I've seen that regular geeks can build things such as quantum force microscopes in their own homes, how hard would it be for someone to build a quantum crypto system?
A Japanese reporter was able to get an interview with a small Al Queda cell. He asked them how they communicated messages back and forth. The initial way, they said, was over the phone with code words and special phrases. This turned out to be less than adequate and computers, crypto, and the Internet became the primary means of updating Al Queda cells with new information. However, since the fall of Afghanistan the computer systems that Al Queda used at the home base have all been destroyed or confiscated by American troops.
So what do they do now? Courier. Someone physically carries the message from person to person and is capable of destroying himself and the message at any sign of danger.
If your data is so important that you need this level of crypto, try to remember that all it takes is a very determined person to come in and steal the machine.

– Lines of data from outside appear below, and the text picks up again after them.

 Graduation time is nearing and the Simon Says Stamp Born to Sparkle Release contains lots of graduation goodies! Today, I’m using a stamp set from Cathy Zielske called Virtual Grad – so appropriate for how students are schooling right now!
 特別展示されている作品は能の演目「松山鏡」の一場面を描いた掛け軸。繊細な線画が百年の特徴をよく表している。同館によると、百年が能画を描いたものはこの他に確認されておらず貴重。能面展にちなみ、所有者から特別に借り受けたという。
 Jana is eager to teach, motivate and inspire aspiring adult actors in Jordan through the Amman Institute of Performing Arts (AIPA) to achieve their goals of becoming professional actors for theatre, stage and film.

Crypto is one of those feel-good technologies that costs people a lot of money but doesn't really do much for anyone in the end.

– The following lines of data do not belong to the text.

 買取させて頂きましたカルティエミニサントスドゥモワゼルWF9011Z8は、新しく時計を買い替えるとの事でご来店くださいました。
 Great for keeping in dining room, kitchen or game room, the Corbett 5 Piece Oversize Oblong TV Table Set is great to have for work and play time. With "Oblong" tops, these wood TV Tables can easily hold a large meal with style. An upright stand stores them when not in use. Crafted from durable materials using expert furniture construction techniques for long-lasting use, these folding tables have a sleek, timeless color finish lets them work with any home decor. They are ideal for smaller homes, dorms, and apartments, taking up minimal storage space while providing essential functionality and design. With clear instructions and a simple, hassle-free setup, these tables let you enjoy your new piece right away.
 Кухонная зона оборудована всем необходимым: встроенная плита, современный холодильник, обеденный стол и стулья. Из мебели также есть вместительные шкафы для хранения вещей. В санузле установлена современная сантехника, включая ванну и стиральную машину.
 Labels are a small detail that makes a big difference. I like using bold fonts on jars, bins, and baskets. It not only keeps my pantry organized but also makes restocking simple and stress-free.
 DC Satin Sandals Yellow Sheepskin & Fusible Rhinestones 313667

I have been pwned because my
Stick both ends onto your computer with a 49km loop of cable connecting the two. Then just compress your data, and send it through the loop constantly.
Kinda like putting your pr0nship on a holding pattern where no one else can touch it.

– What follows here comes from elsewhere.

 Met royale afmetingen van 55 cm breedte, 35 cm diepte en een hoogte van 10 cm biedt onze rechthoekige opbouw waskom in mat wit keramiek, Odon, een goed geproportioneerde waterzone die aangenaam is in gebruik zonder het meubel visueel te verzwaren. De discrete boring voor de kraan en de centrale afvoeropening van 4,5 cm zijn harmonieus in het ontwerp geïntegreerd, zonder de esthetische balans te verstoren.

I don't suffer from insanity, I enjoy every minute of it!
Remember its only secure in the sense that you can tell that someone is sniffing the wire (fibre) because a packet (quanta) is altered. It does not stop someone reading this data if they really want / dont care about being known.
You now need to build software on top that shuts down/reroutes the link if its not happy that the route is secure.
For point to point applications (aggregated backbones etc) its great. For general networking
(espicially multiplexed / contention based paradigms we have now) its not such a big deal.
We will have to change the whole protocols, as you say to IP8 or whatever is needed.
This type of thing will become necessary once sufficiently powerful quantum computers become available, but until then - it is pretty hard to think of any applications for this that more conventional symmetric cryptography such as AES can't address.
said Bob Gelfond, founder and CEO of MagiQ Technologies. "No
matter what advances occur in digital computing, quantum encryption can never
be deciphered, read or copied.
These kinds of statements always amuse me. It may be the toughest thing yet, but there's no saying that our understanding of some of the properties of quantum physics aren't flawed. Science may yet prove him wrong.
Where's my lobbyist? Right here.
I will be the first to admit that I am somewhat ignorant in this matter. My understanding is that current crypto systems rely on the fact that keys take an extremely long time to be brute forced because currently computers are not efficient at all at factoring.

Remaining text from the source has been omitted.